PROMIS has always treated self harm as part of the spectrum of compulsive disorders. We see the process of excitement and anticipation of harming, the release of tension and feeling of euphoria and then the subsequent crash and depression that follow as being so similar to the addictive compulsive cycle for other behaviors like bulimia or illegal drug use that even if it were a different process, the treatment method should be the same. For example, look at the way that drug addicts often become obsessed with the paraphernalia of using, self harmers can have the same relationship with their paraphernalia. Have a look at the way that bulimics have a strong sense of anticipation leading up to a binge purge process, followed by a terrible crash and depression. I think it is easy to see the parallels.

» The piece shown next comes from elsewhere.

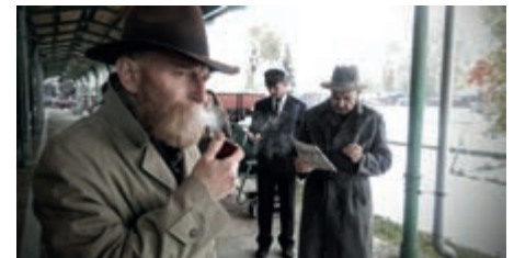
Kadr z filmu

In terms of recovery, our approach for all addictive processes is to stop the behavior and to find other ways of expressing and managing feelings. Another corner stone of our treatment is to help people rebuild their self worth and value themselves again. Without this extensive rebuilding of the individual there is little hope of recovery.
My biggest concern for the treatment of self harmers in this country, is the same concern I have for addicts. The services on offer have something to say about the physical process but little to offer in the most crucial part of treatment, the gentle rebuilding of the individuals. There are wonderful medications to help people withdraw from drugs and there are clever distraction techniques taught to self harmers to divert them away from the most extreme risks of their behavior but there seems also to be a chronic lack of care and support beyond that.
I realise there is a funding dilemma and so the focus of funding is on reducing the most life threatening aspects of all of these behaviors and I applaud the good work that is being done to this effect. However I remain extremely concerned that without managing more of the underlying issues that these people are presenting with then we are simply building up a growing body of individuals who will be revolving door patients in the future passing from department to department.
We want to offer an alternative. Treat the whole individual. Of course this is a lot more expensive in the short term, but the longer term gain is that we can hope to get people out of the system and back into happy and fulfilling lives. I am sure this benefits society more than enough to warrant the extra expense in the short term.